Novamente, a CMPI serviu à tentativa da oposição de fazer o jogo midiático e tentar desmerecer as explicações de Gabrielli, que por mais de três vezes já compareceu à Câmara e ao Senado para prestar os mesmos esclarecimentos a partir da exposição exaustiva de dados e informações técnicas acerca da compra da refinaria. Desta vez não foi diferente, com o direcionamento de várias acusações ao depoente por parte de senadores e deputados do DEM e do PSDB, apesar das respostas claras e objetivas dadas por Gabrielli.

Números – O primeiro número contestado pelo ex-presidente da Petrobras foi o valor de compra da refinaria pela Astra Oil, que não foi de US$ 42,5 milhões, mas de US$ 360 milhões. Ao fazer um retrospecto, Gabrielli detalhou que a refinaria pertencia incialmente à Crown, uma empresa de refino americana, que firmou contrato com a Astra, comercializadora de derivados de petróleo nos EUA. Por meio de um contrato conhecido como tolling, em que o refinador ‘aluga’ a capacidade de refino para um produtor de petróleo e de derivados, a Astra – explicou o depoente – ocupou a refinaria, processou o petróleo que existia na refinaria e transformou esse petróleo em derivado.

“Essa operação custou à Astra US$ 84 milhões. Além desse valor, ao fim da operação, a Astra pagou à Crawn US$ 42,5 milhões. Isso significa US$ 126 milhões de pagamento. Mas além desse total, a Astra pagou ainda US$ 104 milhões por estoques e fez investimentos para transformar a refinaria em uma refinaria operacional de US$ 104 milhões. Portanto, o custo inicial da refinaria para a Astra em 2005 foi de US$ 360 milhões e não de US$ 42,5 milhões”, detalhou.

Ao prosseguir em suas explicações acerca da viabilidade do negócio à época, o ex-presidente contou que o início dos anos 2000 ficou conhecido nos Estados Unidos como a “época de ouro” do refino, quando as margens de lucro cresceram enormemente no período.

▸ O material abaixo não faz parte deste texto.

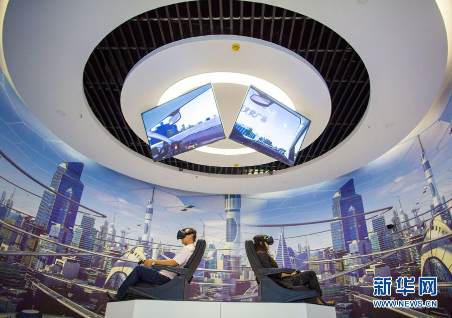 市民在內(nèi)蒙古呼和浩特玉泉區(qū)大數(shù)據(jù)應(yīng)用產(chǎn)業(yè)基地體驗(yàn)VR眼鏡(2017年8月1日攝)。新華社發(fā)(丁根厚 攝)

Esse crescimento foi reflexo, segundo Gabrielli, de um processo anterior, ocorrido nos anos 80 e 90, quando houve a modernização dessas refinarias e o consequente ganho de capacidade para produzir derivados leves e médios, a partir de petróleo pesado.

Enquanto o mercado americano se configurava como extremamente atraente para quem pretendia entrar no ramo de refino, particularmente os produtores de petróleo pesado, como o Brasil, o mercado brasileiro se caracterizava desde a década de 90 (situação que perdurou até meados dos anos 2000) por uma estagnação na área de derivados e, paralelamente, por uma perspectiva de aumento da produção de petróleo pesado. Esse quadro brasileiro (de produção crescente com mercado de derivados estagnado) justificou – disse Gabrielli – a decisão do conselho de administração da Petrobras, no fim dos anos 90, de buscar aumentar a capacidade de refino da Petrobras no exterior. “Mercado brasileiro estagnado e mercado americano atraente. É nesse contexto que o conselho analisa a compra da refinaria de Pasadena”, contou.

Preço adequado – Depois de mostrar se tratar de uma estratégia coerente, Gabrielli falou do preço de aquisição da refinaria, que também demonstrou ser “adequado”. “O preço de aquisição de Pasadena hoje, oito anos depois, pela capacidade de refino foi de US$ 554 milhões. Isso significa que, para adquirir a capacidade de refino de 100 mil barris, a Petrobras pagou nas duas etapas da aquisição (em 2006 e 2012) US$ 5.540 por barril. Isso é um pouco mais da metade do preço médio da aquisição das refinarias americanas no período, que era em torno de US$ 9 mil a US$ 10 mil por barril”, disse. Gabrielli mostrou ainda que, apesar de todas as modificações no mercado brasileiro, Pasadena se configura hoje como lucrativa. Somente no primeiro trimestre de 2014 deu um lucro de US$ 62 milhões.